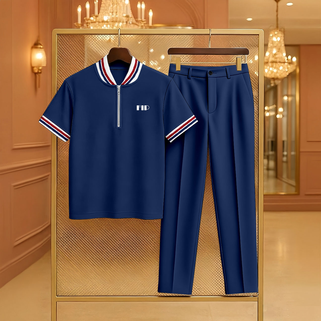 Men's Casual Navy Blue Color Matching Printed Zipper Short Sleeved Polo Shirt & Trousers Two-Piece Set
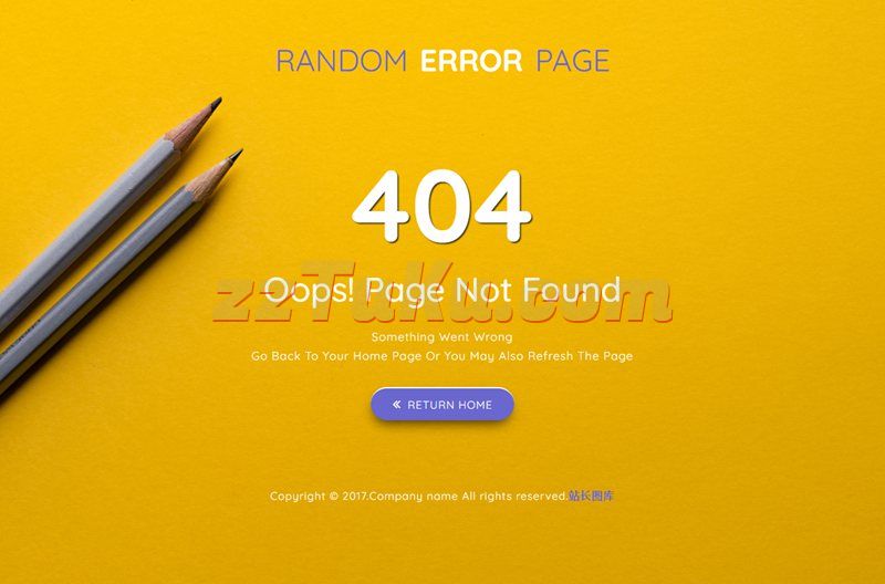 转载请声明来自:站长图库 - 铅笔黄创意404网页模板使用声明:
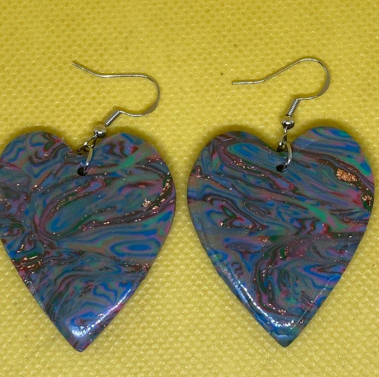 Elevate your style with these vibrant, handmade heart-shaped dangle earrings. Crafted from lightweight polymer clay, each earring features a unique, mesmerising swirl pattern with a glossy finish. The multi-colour design includes shades of blue, green, pink, and purple, ensuring they complement a wide range of outfits.
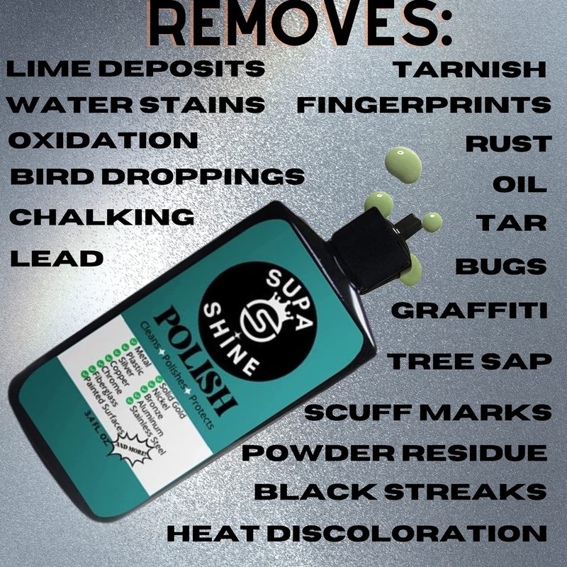 • Looking for a product that cleans, polishes, and protects nearly every type of surface in your car, kitchen, garage and bathroom? If so Supa Shine is your all in one bottle of: metal cleaner, brass polish, aluminum cleaner, copper cleaner and more!
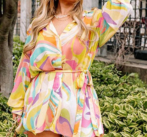 Vibrant Floral Print Trimmed Ruffle Sleeve Blouse
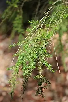 Kunzea axillaris is an erect shrub or tree which grows to a height of about 6 m (20 ft) with its branches hairy when young. The leaves are linear in shape, 3–5 mm (0.1–0.2 in) long, less than 1 mm (0.04 in) wide and glabrous when mature. The leaves taper towards the petiole and have a pointed end. The flowers are crowded on side branches or in the axils of upper leaves on a stalk up to 2 mm (0.08 in) long. The floral cup is glabrous, the sepal lobes are less than 0.5 mm (0.02 in) long and the petals are white, 1.0–1.5 mm (0.04–0.06 in) long. There are about thirty stamens which are 2–3.5 mm (0.08–0.1 in) long. Flowering occurs in January and the fruit are cup-shaped capsules which are 2–3 mm (0.08–0.1 in) long and about 1 mm (0.04 in) wide.[2][3]
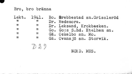 //// Bro, bro bränna //// Lekt. 1941. Bo. Brebbestad sn.Grissleröd //// " " Dr. Hedemora. //// " " Dr. Leksand, Krokbacken. //// " " Go. Go:s S.hd. Etelhem sn. //// " " Gä. Ockelbo sn. Mo. //// " " Gä. Ovansjö sn. Storvik. //// NCRD. MUS. ////
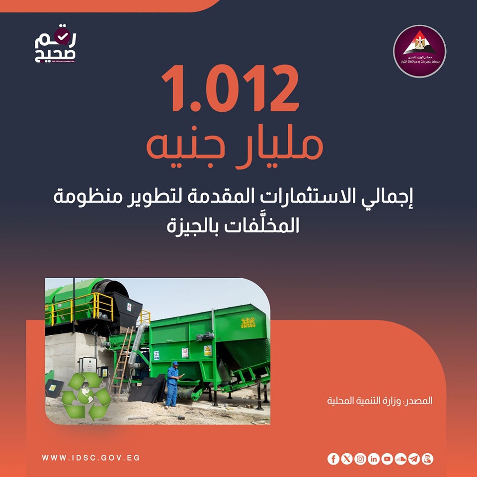 سلط مركز معلومات مجلس الوزراء الضوء على إجمالي الاستثمارات المقدمة لتطوير منظومة المخلفات بالجيزة.
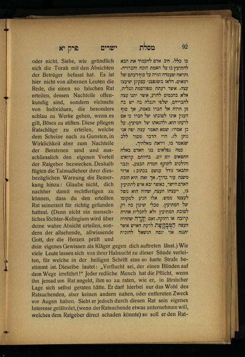 Lebensführung der Redlichen / von Mosche Chaim Luzzatto. Mit einer neben dem Text befindlichen dt. Übers. von Oskar Sachariasohn
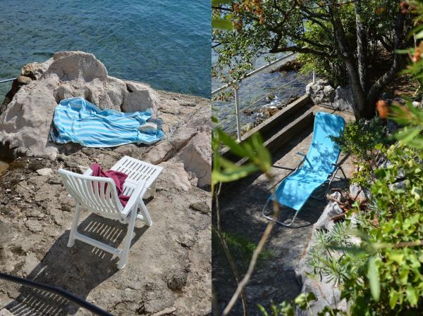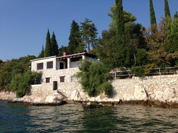 Kamnita hiša v celoti obnovljena leži na obali. Zasnovan je tako, da sprejme 6 do 8 ljudi. V pritličju se nahaja kuhinja, dnevna soba, jedilnica, spalnica z dvema ločenima ležiščema in kopalnico. V prvem nadstropju sta dve spalnici in kupaonica.Tri terase, ena pokrita ponujajo osupljiv pogled na morje in otok Krk. Objekt je obdan z mediteranskim vrtom. Parkirišče za dva avtomobila na dvorišču. Gostom so na voljo uporaba žara in priveza, ki se nahaja pred hišo.
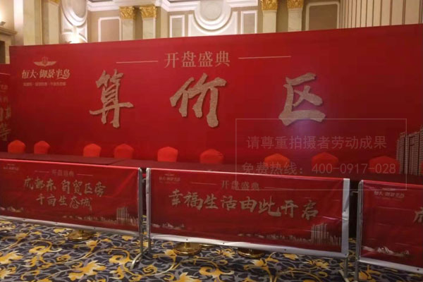 恒大地產御景半島開盤盛典算價區背景墻桁架搭建/路欄噴繪畫面制作安裝
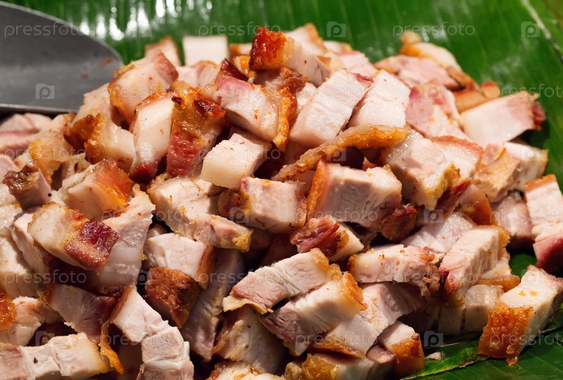 Нарезанное жаркое из свинины на пальмовом листе
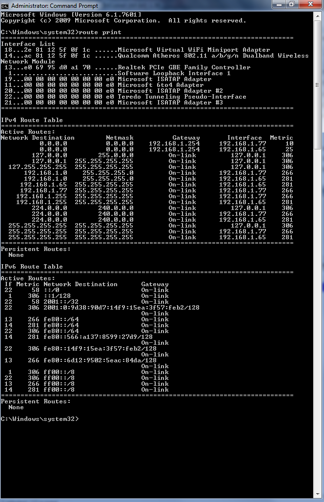 I forgot to ask if you could also run the command route print and post the output of that as well.

● ● ● ● ●

Work request: Retype all entries exactly; omit pictures.

Answer to the exercise:
 Men's Casual Navy Blue Color Matching Printed Zipper Short Sleeved Polo Shirt & Trousers Two-Piece Set
 转载请声明来自:站长图库 - 铅笔黄创意404网页模板使用声明:
 Elevate your style with these vibrant, handmade heart-shaped dangle earrings. Crafted from lightweight polymer clay, each earring features a unique, mesmerising swirl pattern with a glossy finish. The multi-colour design includes shades of blue, green, pink, and purple, ensuring they complement a wide range of outfits.
 • Looking for a product that cleans, polishes, and protects nearly every type of surface in your car, kitchen, garage and bathroom? If so Supa Shine is your all in one bottle of: metal cleaner, brass polish, aluminum cleaner, copper cleaner and more!
 Vibrant Floral Print Trimmed Ruffle Sleeve Blouse
 Kunzea axillaris is an erect shrub or tree which grows to a height of about 6 m (20 ft) with its branches hairy when young. The leaves are linear in shape, 3–5 mm (0.1–0.2 in) long, less than 1 mm (0.04 in) wide and glabrous when mature. The leaves taper towards the petiole and have a pointed end. The flowers are crowded on side branches or in the axils of upper leaves on a stalk up to 2 mm (0.08 in) long. The floral cup is glabrous, the sepal lobes are less than 0.5 mm (0.02 in) long and the petals are white, 1.0–1.5 mm (0.04–0.06 in) long. There are about thirty stamens which are 2–3.5 mm (0.08–0.1 in) long. Flowering occurs in January and the fruit are cup-shaped capsules which are 2–3 mm (0.08–0.1 in) long and about 1 mm (0.04 in) wide.[2][3]
 //// Bro, bro bränna //// Lekt. 1941. Bo. Brebbestad sn.Grissleröd //// " " Dr. Hedemora. //// " " Dr. Leksand, Krokbacken. //// " " Go. Go:s S.hd. Etelhem sn. //// " " Gä. Ockelbo sn. Mo. //// " " Gä. Ovansjö sn. Storvik. //// NCRD. MUS. ////
 سلط مركز معلومات مجلس الوزراء الضوء على إجمالي الاستثمارات المقدمة لتطوير منظومة المخلفات بالجيزة.
 Lebensführung der Redlichen / von Mosche Chaim Luzzatto. Mit einer neben dem Text befindlichen dt. Übers. von Oskar Sachariasohn
 Kamnita hiša v celoti obnovljena leži na obali. Zasnovan je tako, da sprejme 6 do 8 ljudi. V pritličju se nahaja kuhinja, dnevna soba, jedilnica, spalnica z dvema ločenima ležiščema in kopalnico. V prvem nadstropju sta dve spalnici in kupaonica.Tri terase, ena pokrita ponujajo osupljiv pogled na morje in otok Krk. Objekt je obdan z mediteranskim vrtom. Parkirišče za dva avtomobila na dvorišču. Gostom so na voljo uporaba žara in priveza, ki se nahaja pred hišo.
 恒大地產御景半島開盤盛典算價區背景墻桁架搭建/路欄噴繪畫面制作安裝
 Нарезанное жаркое из свинины на пальмовом листе
 I forgot to ask if you could also run the command route print and post the output of that as well.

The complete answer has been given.